There’s a wave of energy and investment going into “no-code” tools. The thesis is that working with code is intimidating and difficult, so removing it is the best way to empower the non-technical masses.
(…) The real issue is with the arcane, overly complex workflows required to do anything productive with code — the lived reality is that “code” itself is the least intimidating part of coding.
I could not agree more with this, and I think it’s something that both product designers and investors frequently get wrong. Writing software code is like using human language—the combinatorial power of expressing ideas in language (whatever language) means that if you have the right primitives you can express literally anything. If, however, you’re locked into a GUI, you can only do something if the people who built that UI anticipated your need.
Want to enable more people to work with data? Remove technical hurdles, not code itself. Fantastic post.
Human language communication is via sequences of words, but language understanding requires constructing rich hierarchical structures that are never observed explicitly. The mechanisms for this have been a prime mystery of human language acquisition, while engineering work has mainly proceeded by supervised learning on treebanks of sentences hand labeled for this latent structure.

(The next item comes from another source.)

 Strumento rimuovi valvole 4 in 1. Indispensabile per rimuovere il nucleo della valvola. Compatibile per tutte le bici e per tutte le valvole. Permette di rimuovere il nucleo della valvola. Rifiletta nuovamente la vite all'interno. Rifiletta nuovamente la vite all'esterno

However, we demonstrate that modern deep contextual language models learn major aspects of this structure, without any explicit supervision. (…) we show that a linear transformation of learned embeddings in these models captures parse tree distances to a surprising degree, allowing approximate reconstruction of the sentence tree structures normally assumed by linguists. These results help explain why these models have brought such large improvements across many language-understanding tasks.
This is super super cool. We’ve started to understand the mechanisms of why BERT works as well as it does and it turns out that it’s parsing sentence structure in much the same way we do without having been explicitly taught how to do so.

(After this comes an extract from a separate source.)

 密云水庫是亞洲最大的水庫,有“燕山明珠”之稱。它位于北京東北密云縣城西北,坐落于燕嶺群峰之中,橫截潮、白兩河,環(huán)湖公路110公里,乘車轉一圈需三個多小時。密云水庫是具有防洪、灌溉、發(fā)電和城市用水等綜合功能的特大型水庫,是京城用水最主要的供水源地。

If you’ve been waiting for a resource to dig into the inner workings of BERT and transformer models, this is a good one.
Hah. What a page! I covered Michelangelo here when it came out but honestly had no idea what an explosion of tooling we’d seen in the space in the past two years. This page is a collection of every known article and talk on the topic.
If you’re not familiar with what a feature store is, you should scroll down to the “feature store concepts” section and read that.
You’re likely familiar with Dask, the parallelization framework for Python. If you’re like me, you haven’t had to use it yourself and so haven’t had the opportunity to go deep. This podcast is an easy way to get an overview; it gets satisfyingly technical. Here’s my favorite chunk of the transcript:
(Q) In Dask, if I want to instantiate a really, really big distributed array, what kinds of work are you doing in Dask to instantiate that array?
(A) (…) we’ve got these thousand machines each holding maybe 10 NumPy arrays and now we need to sort of map and figure out which for this particular NumPy array, where does it fit in the broader picture? Maybe this is the NumPy array that corresponds to the temperature over France, for example. On this other computer is a NumPy array corresponding to the block of temperature over Italy. We know that if we want to sort of look at the Italy-France connection, we need to have those two machines.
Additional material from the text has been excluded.